*Information*
┄┄┄┄┄┄┄┄┄┄
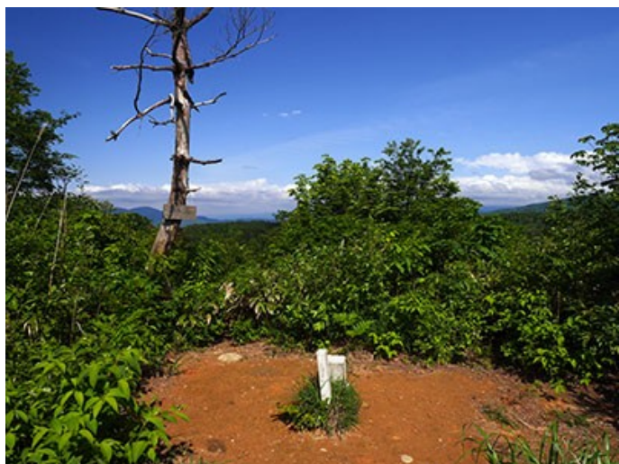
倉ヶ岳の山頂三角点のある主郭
┄┄┄┄┄┄┄┄┄┄
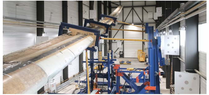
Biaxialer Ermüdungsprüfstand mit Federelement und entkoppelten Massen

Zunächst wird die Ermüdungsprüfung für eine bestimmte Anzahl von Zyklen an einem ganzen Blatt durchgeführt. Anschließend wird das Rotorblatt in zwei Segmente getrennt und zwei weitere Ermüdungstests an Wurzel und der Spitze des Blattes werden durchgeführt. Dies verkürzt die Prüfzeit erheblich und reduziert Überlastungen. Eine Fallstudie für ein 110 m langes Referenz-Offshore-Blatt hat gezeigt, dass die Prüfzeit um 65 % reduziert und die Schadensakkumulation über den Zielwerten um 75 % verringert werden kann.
┄┄┄┄┄┄┄┄┄┄
*Work to complete*
Only those lines of the entries above that run from the line containing "Biaxialer Ermüdungsprüfstand mit" to the line containing "Zunächst wird die", both included, should be transcribed exactly.

*Solution for this exercise*
Biaxialer Ermüdungsprüfstand mit Federelement und entkoppelten Massen

Zunächst wird die Ermüdungsprüfung für eine bestimmte Anzahl von Zyklen an einem ganzen Blatt durchgeführt. Anschließend wird das Rotorblatt in zwei Segmente getrennt und zwei weitere Ermüdungstests an Wurzel und der Spitze des Blattes werden durchgeführt. Dies verkürzt die Prüfzeit erheblich und reduziert Überlastungen. Eine Fallstudie für ein 110 m langes Referenz-Offshore-Blatt hat gezeigt, dass die Prüfzeit um 65 % reduziert und die Schadensakkumulation über den Zielwerten um 75 % verringert werden kann.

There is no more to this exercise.